This case was submitted fully stipulated by the parties pursuant to Rule 122. The first stipulation of facts filed September 11, 2015, and the attached exhibits are incorporated herein by this reference. At the time the petition was filed, petitioner resided in South Carolina.

At some point before 2009, petitioner was employed by Endress & Hauser. Petitioner was provided with long-term disability coverage through the Lincoln National Life Insurance Co. (Lincoln National). The stipulated record does not indicate who paid the long-term disability premiums.

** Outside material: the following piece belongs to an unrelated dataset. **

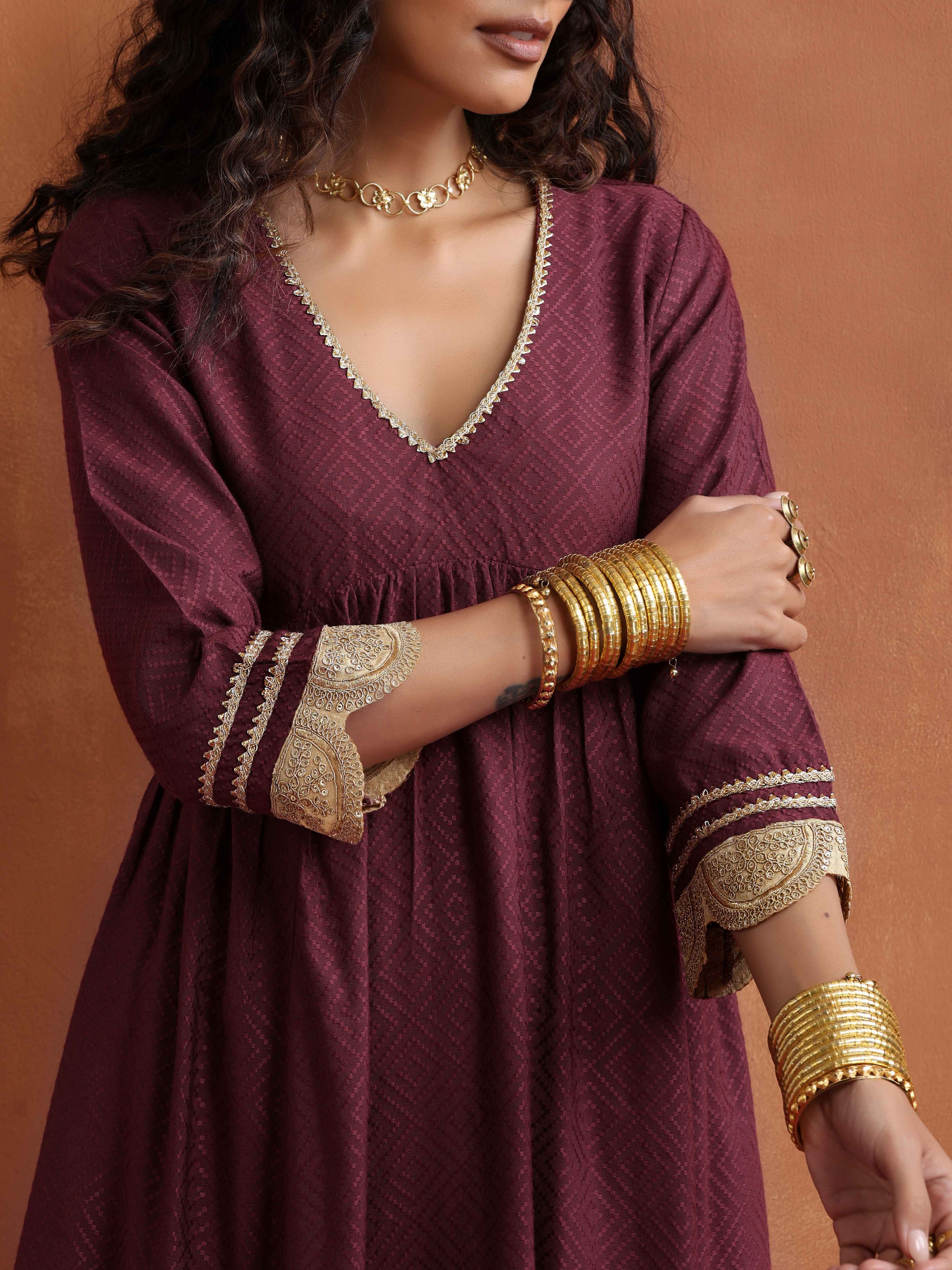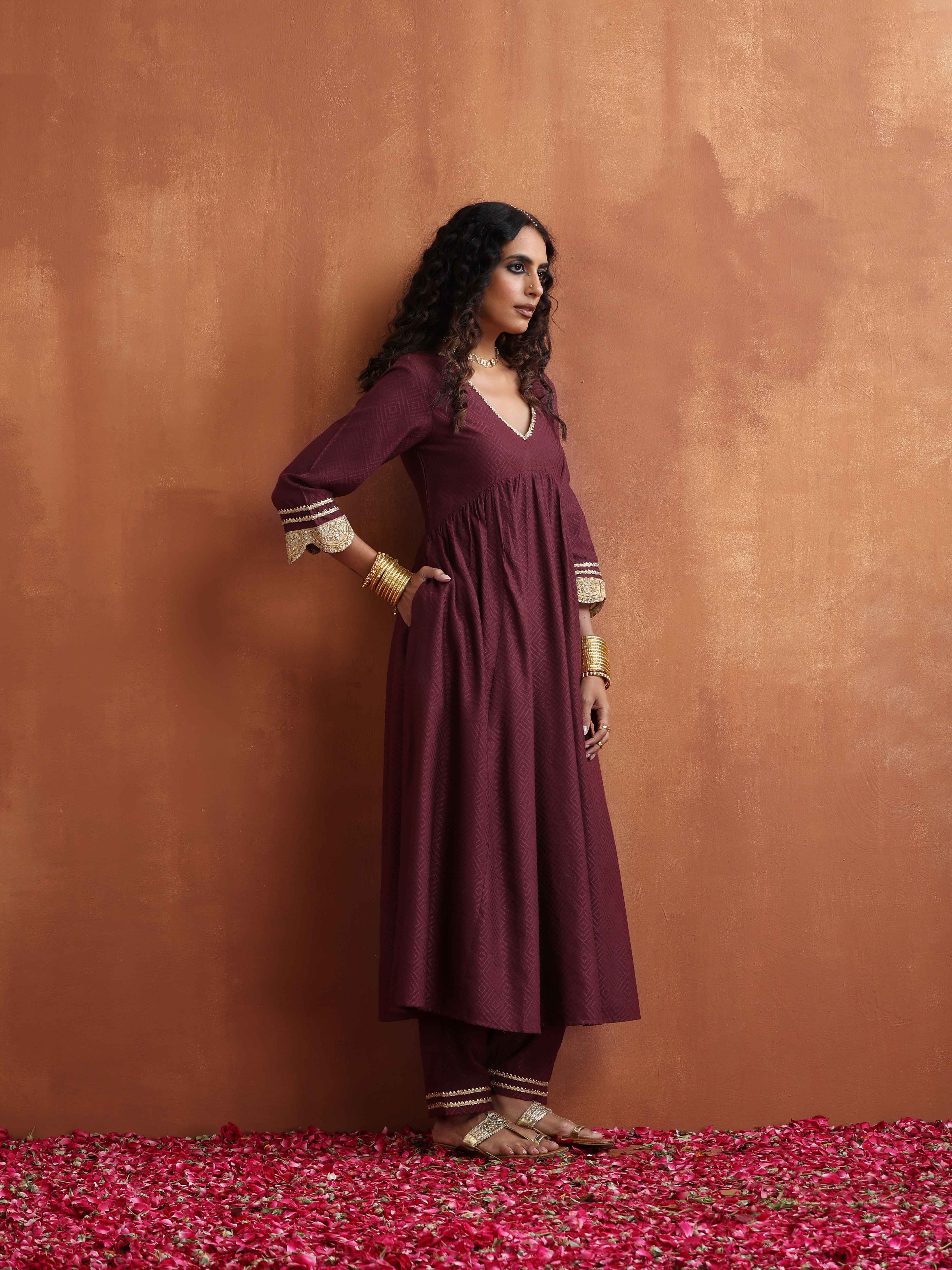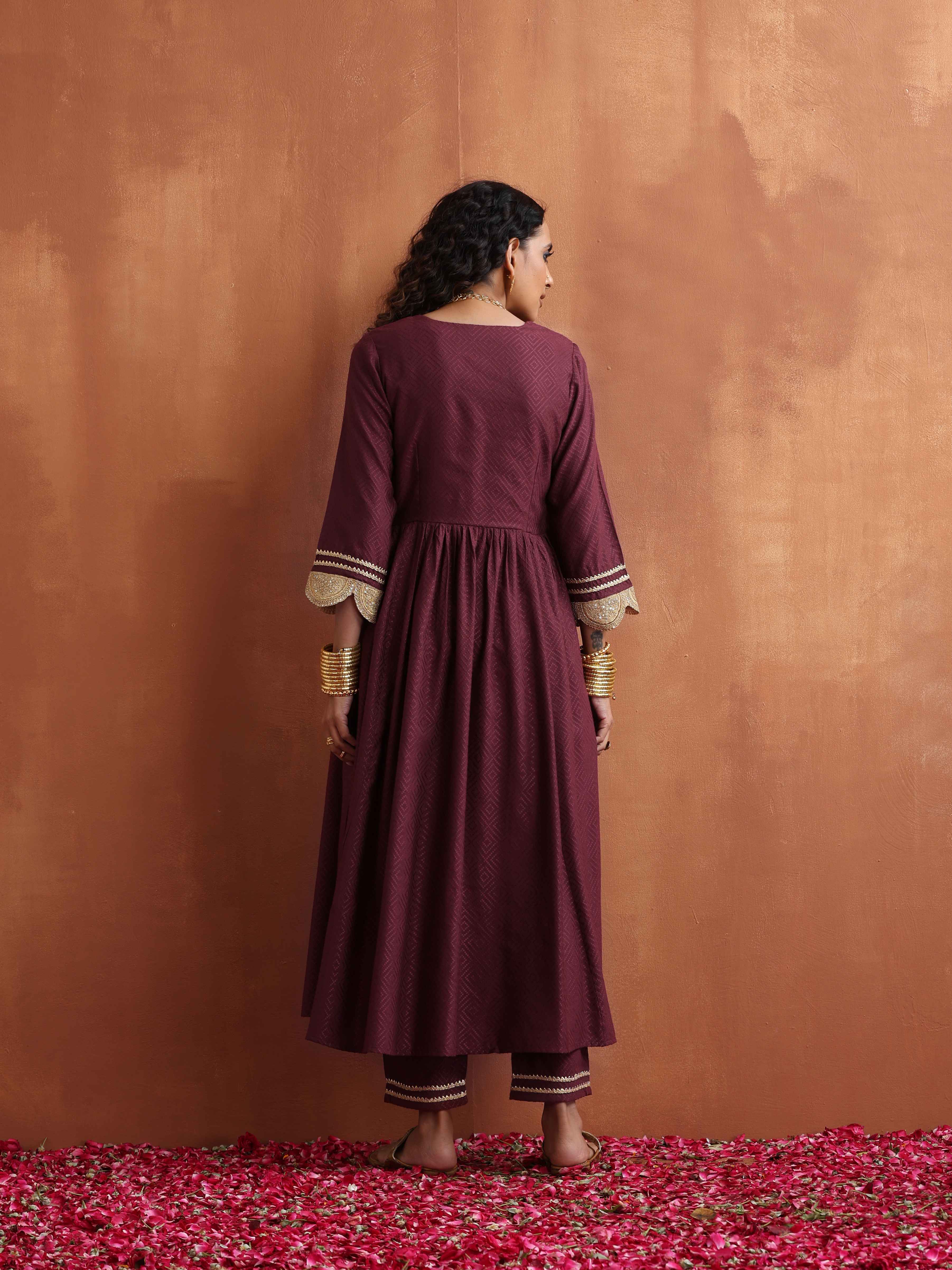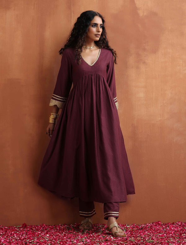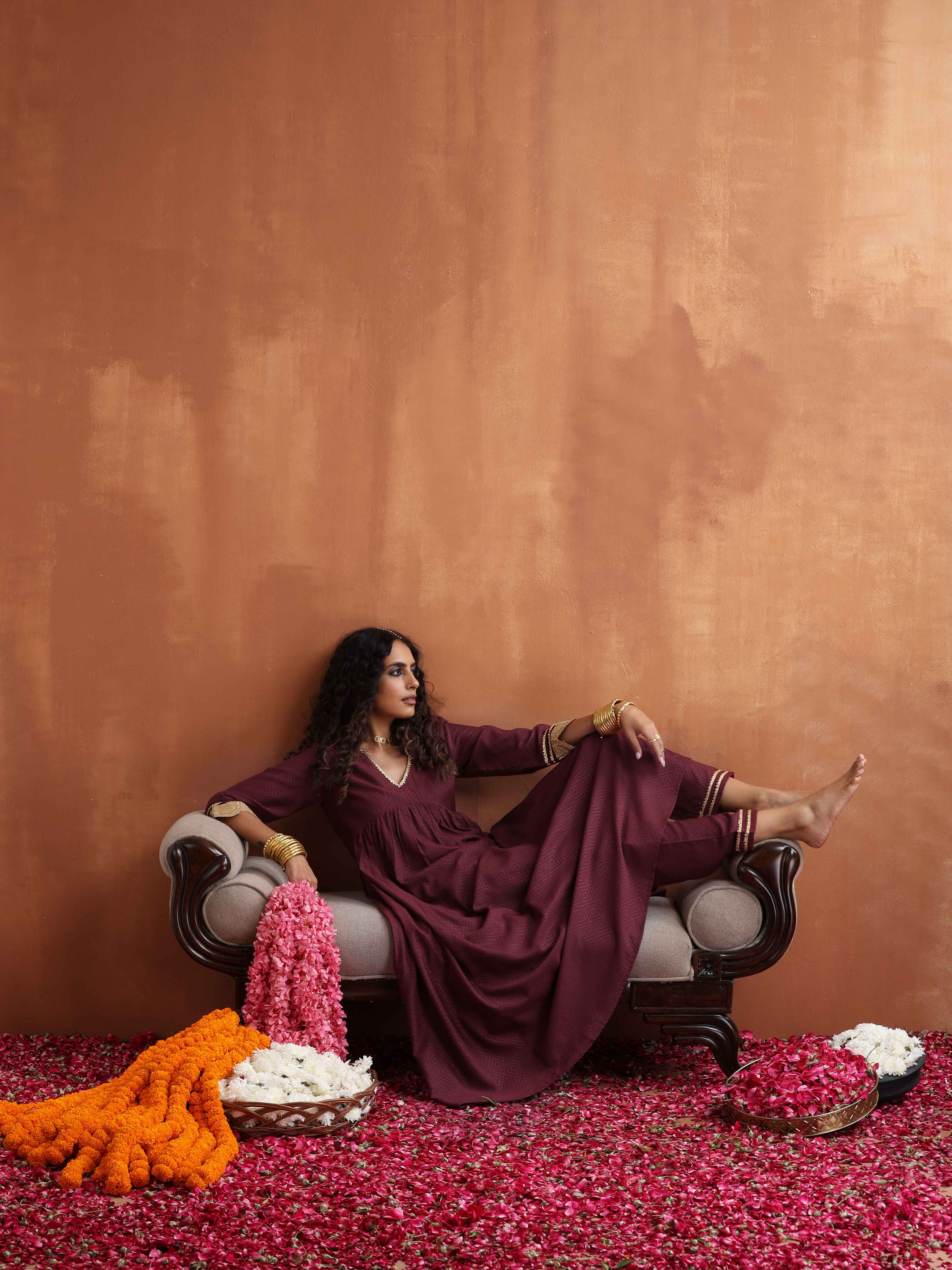 trueBrowns Maroon Flared Anarkali Kurta Set

In a complaint petitioner filed with the U.S. District Court for the District of South Carolina, he stated: "Until 2009, Plaintiff was employed with Endress & Hauser and as an employee of Endress & Hauser, Plaintiff was provided with long term [sic] disability coverage via a plan which was fully insured by [Lincoln National]." The complaint does not indicate who paid the premiums for the long-term disability coverage.

Petitioner submitted an "Affadvit [sic] of Petitioner Richard G. Braddock" with his simultaneous opening brief in which he attests: "In 2009 I was working for Endress & Houser [sic] and they payed [sic] money into my Lincoln National Life Insurance Company Policy for long term [sic] disability."

Petitioner does not assert that he paid the premiums for the long-term disability insurance. The record does not support any finding that petitioner paid the premiums for the long-term disability insurance.

During petitioner's employment with Endress & Hauser he was diagnosed with, among other things, a progressive musculoskeletal and neuromuscular syndrome, including progressive musculoskeletal pain. The pain was based on a combination of severe degenerative arthritis and neuromuscular disease.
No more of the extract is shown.